Maybe only loosely related to the sense the OP intended, but I’ve been curious to ask what you think of this recent news – just your general comments or observations?

The problem is that it’s only cheaper if it becomes an adequate substitute. You can’t force a person to be a functioning member of society if he doesn’t want to be. You just give him a lot of wasted expensive treatment and in the end he remains a criminal and you fall back on law enforcement to handle him.

But, should prisons even be in the business of making someone “better?” I thought the primary purpose of prison was to remove unstable/undesirable criminal elements from society. Anything beyond that is of secondary and lesser importance if indeed the primary purpose is as I’ve stated.

The prison system I volunteer in is called The Ohio Department of Rehabilitation and Correction. Based on the name, it seems that they consider improvement one of two primary purposes.
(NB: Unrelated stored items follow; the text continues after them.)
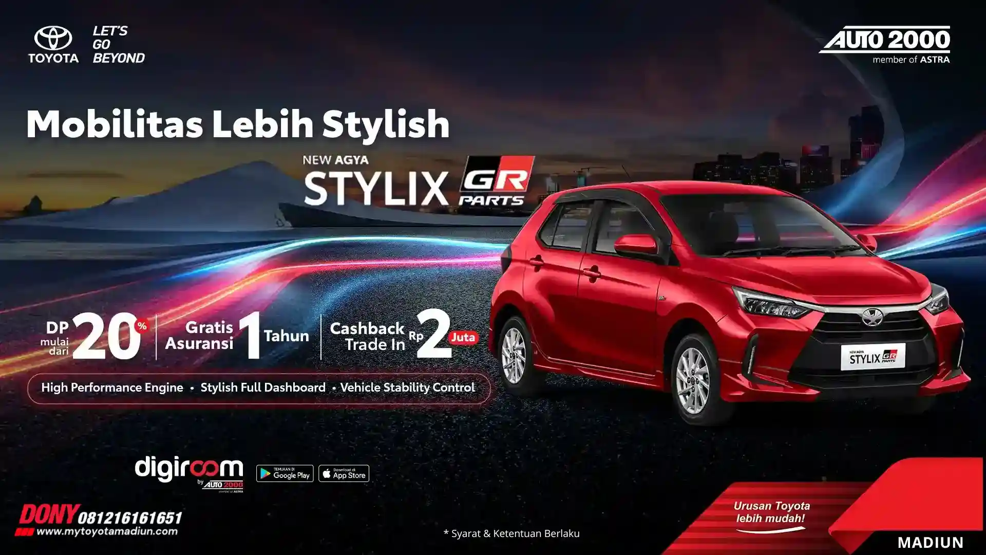 Tim sales kami yang profesional dan berpengalaman siap memberikan konsultasi dan penawaran terbaik, termasuk pilihan tukar tambah dan pembelian kredit sesuai kebutuhan Anda. Toyota Madiun memudahkan Anda memiliki All New Agya tanpa repot. Proses pembelian cepat dan transparan, serta berbagai pilihan paket pembiayaan fleksibel tersedia untuk Anda. Kami juga melayani pemesanan melalui media online WhatsApp/Email dan transfer pembayaran langsung ke rekening Astra International, sehingga Anda bisa bertransaksi dari rumah dengan aman & nyaman.
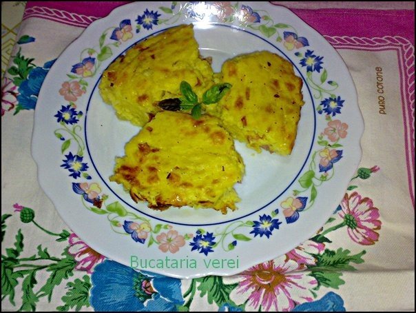 Turnam compozitia intr-o tava de tort unsa si tapetata introducem in cuptorul cald 200°C timp de 45 minute;
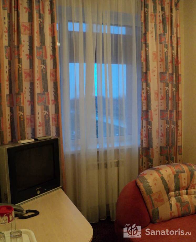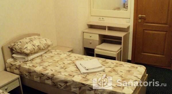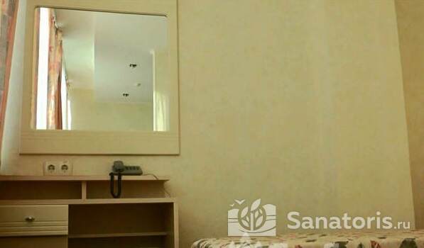 Здание санатория представлено шестью этажами. Номера двухместные, но встречаются и однокомнатные. Выбрать можно стандарт, люкс и повышенный комфорт. В стандартных номерах имеется такая техника, как фен, телевизор, холодильник, кондиционер. Дополнительно есть сейф, где можно хранить документы и личные ценные вещи.
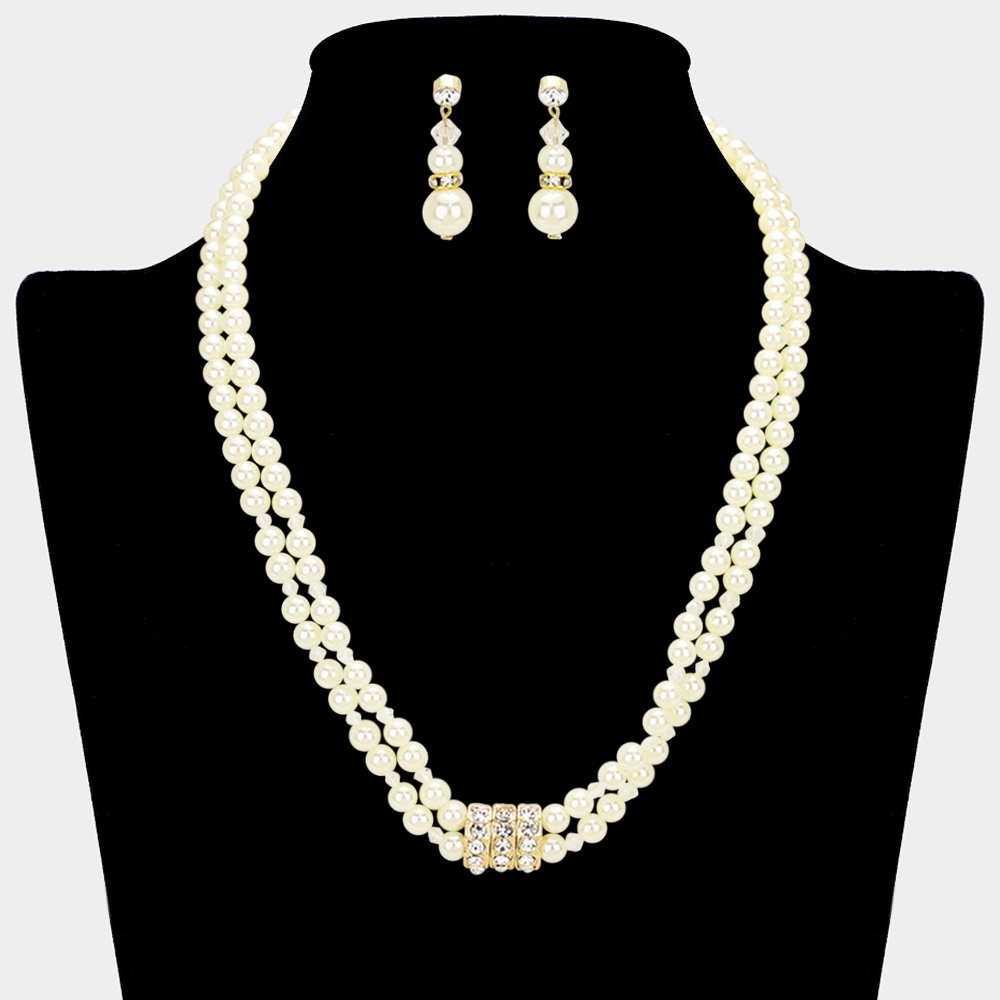 Metal Bow Pendant Ceramic Pearl Metal Ball Beaded Necklace
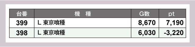 『L 東京喰種』では399番台が+7,190ptを獲得し、見事ランキング1位に輝いた。
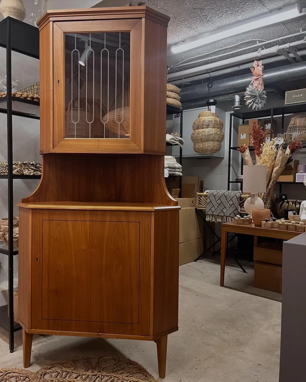 Stiilne nurgakapp põneva mustrilise klaasiga. Nurgakapp on nägus ja praktiline mööbliese, nii maamajas kui ka veel enam linnas, sest aitab Sul kasutada nurga ruumi optimaalselt, hoiab asjad peidus ning on suurepärane panipaik. Tiikpuu spoon on vahatatud üle ning uksed käivad kenasti lukku.
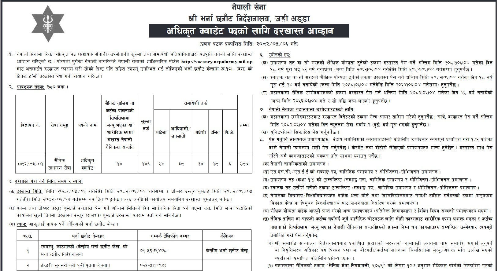 सैनिक साधारण सेवा समूहतर्फ रिक्त रहेको उक्त पदमा समावेशी आधारमा नयाँ नियुक्ति गरिने सेनाले जनाएको छ ।
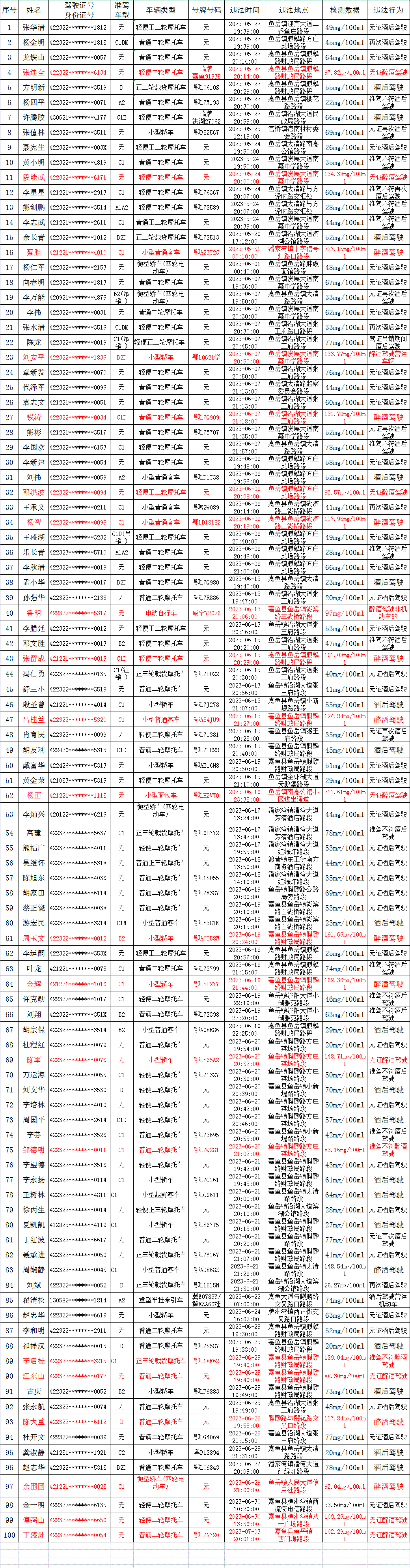 嘉鱼县公安局交警大队查处酒醉驾行动曝光台2023年第7期。下列人员因酒醉驾违法犯罪行为被公安机关依法查处,被处以暂扣驾驶证6个月和吊销驾驶证,5年内不能重新申领等处罚。驾驶证暂扣和吊销期间不得驾驶机动车,望广大居民对下列人员进行监督,一旦发现下列违法人员有驾驶机动车行为的请立即向公安机关举报。对举报违法行为经公安机关查实的,给予举报人奖励500元。举报电话:0715-6351271。
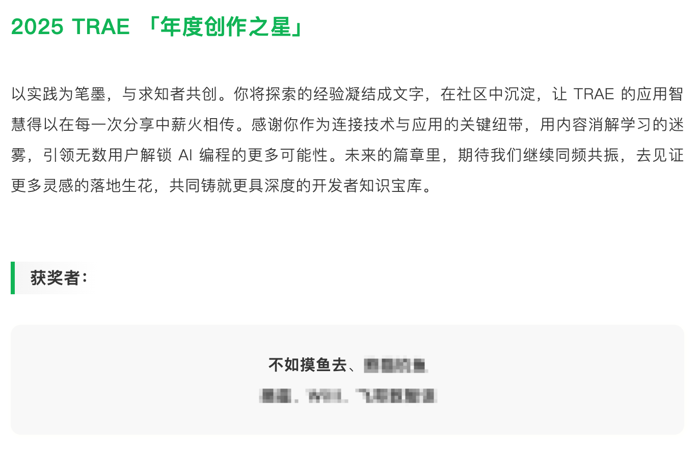 12 月 27 号,获得了 TRAE 2025 年度五大用户奖——年度创作之星,感谢 TRAE。

Based on what I’ve seen inside, they are trying.

Deterrence, rehabilitation, and retribution have been the 3 cornerstones of Penology for quite some time now. You must have missed the memo.

That’s certainly true, but the issue is how these three are weighed. The impression I get, not in any way having any insider knowledge, is that the current trend is towards greater emphasis on the “deterrence” and “retribution” limbs of the triad, both in the US and Canada (with the US setting the pace of the trend).

We have a throw away society. When a person goes to jail, even if they are innocent, they have no value anymore. They are forever ex-cons. They must be met with distrust and dislike . They should not get jobs . Then of course they have to commit crimes to survive. So back in jail with them.

The vast vast majority of prisoners will eventually get out after being removed from society, so it is in societies best interest to reintegrate them and find the ones who want help to become functional, upstanding members of society and help them achieve the skills to do that.

I think I speak for the entire field of penology when I say I completely agree with what you said.

But then you arrive at the key question: how? In two hundred years of trying to turn criminals into functional, upstanding members of society nobody has found a method that consistently works.

you can start out by noticing that lots of poor white people imprisoned for low key drug-related offenses could have been perfectly functional and upstanding if they had jobs. Instead, the wrecked economy pushes them into illegal (though not necessarily profoundly harmful) activities and then the penitentiary system damages them even further.

The practice of severe punishment for minor offenses may have done wonders for keeping black underclass thugs off the streets, but the practice apparently rubs off onto poor whites as well. Not that the folks running the government and the media propaganda that tells voters what to think have much of a concern for them.

I keep hoping I’m misunderstanding you. Are you saying prison is good for poor black people but poor white people deserve better?

well there is this:Black men survive longer in prison than out: study

That’s partly due to human variation; since people end up in prison for different reasons, a one-size-fits-all approach won’t work any better than it would for managing teams or for teaching. And that’s something which can be really hard to get through the heads of TPTB; they can’t even understand that the same management style won’t work equally well with your average accountant and your average engineer, they’re even less likely to understand that treating the same a shoplifting teenager, a dude who’s on his 40th count of “intent to distribute”, and someone who went violent in the middle of a heavy attack of undiagnosed paranoid schizophrenia (I think that’s the official name) will not give particularly good results - and if it works for one, it won’t work for all three.